▸ Collected data entries
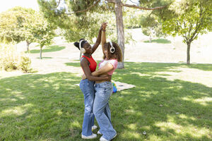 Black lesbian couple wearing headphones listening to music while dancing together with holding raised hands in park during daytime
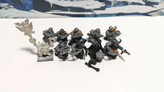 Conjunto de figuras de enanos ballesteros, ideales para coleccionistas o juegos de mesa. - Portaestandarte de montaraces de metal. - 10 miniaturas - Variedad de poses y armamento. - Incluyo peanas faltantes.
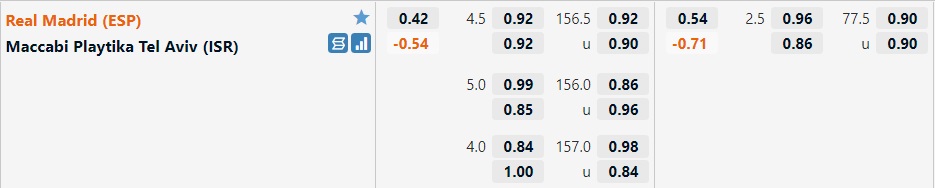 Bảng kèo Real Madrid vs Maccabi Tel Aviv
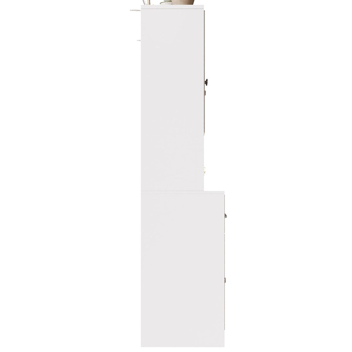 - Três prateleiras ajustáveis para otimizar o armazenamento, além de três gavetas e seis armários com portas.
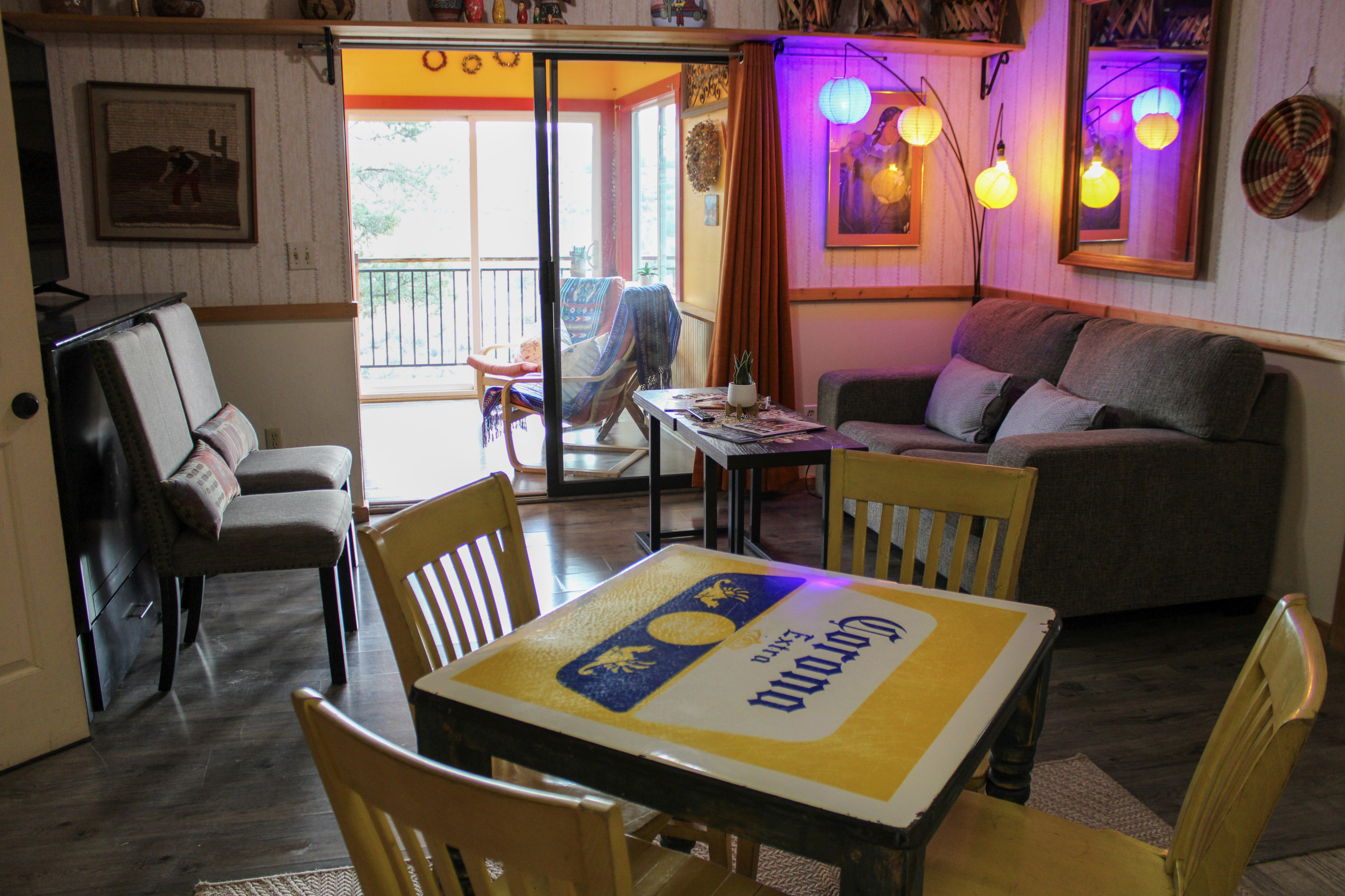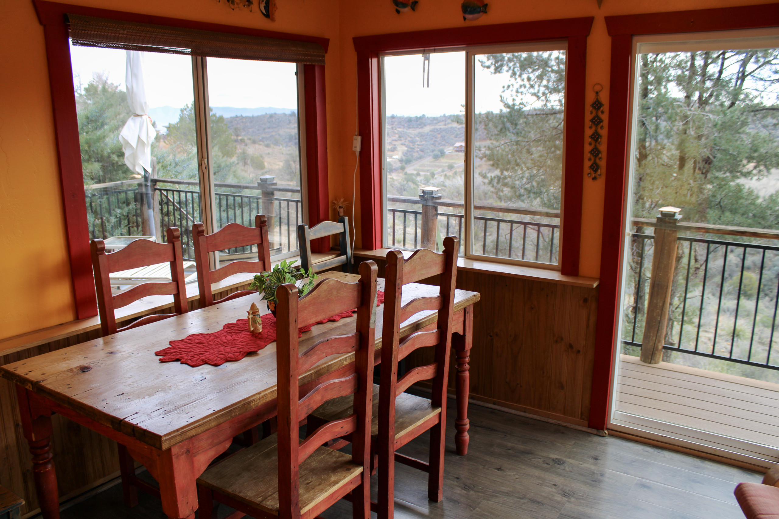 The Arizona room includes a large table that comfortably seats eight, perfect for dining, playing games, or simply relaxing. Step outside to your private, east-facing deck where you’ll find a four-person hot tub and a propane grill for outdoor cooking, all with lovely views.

▸ Your objective
The copy should begin at the line containing "Conjunto de figuras" and end at the last line of the data above; please restate those lines word for word without the pictures.

▸ Solution below
 Conjunto de figuras de enanos ballesteros, ideales para coleccionistas o juegos de mesa. - Portaestandarte de montaraces de metal. - 10 miniaturas - Variedad de poses y armamento. - Incluyo peanas faltantes.
 Bảng kèo Real Madrid vs Maccabi Tel Aviv
 - Três prateleiras ajustáveis para otimizar o armazenamento, além de três gavetas e seis armários com portas.
 The Arizona room includes a large table that comfortably seats eight, perfect for dining, playing games, or simply relaxing. Step outside to your private, east-facing deck where you’ll find a four-person hot tub and a propane grill for outdoor cooking, all with lovely views.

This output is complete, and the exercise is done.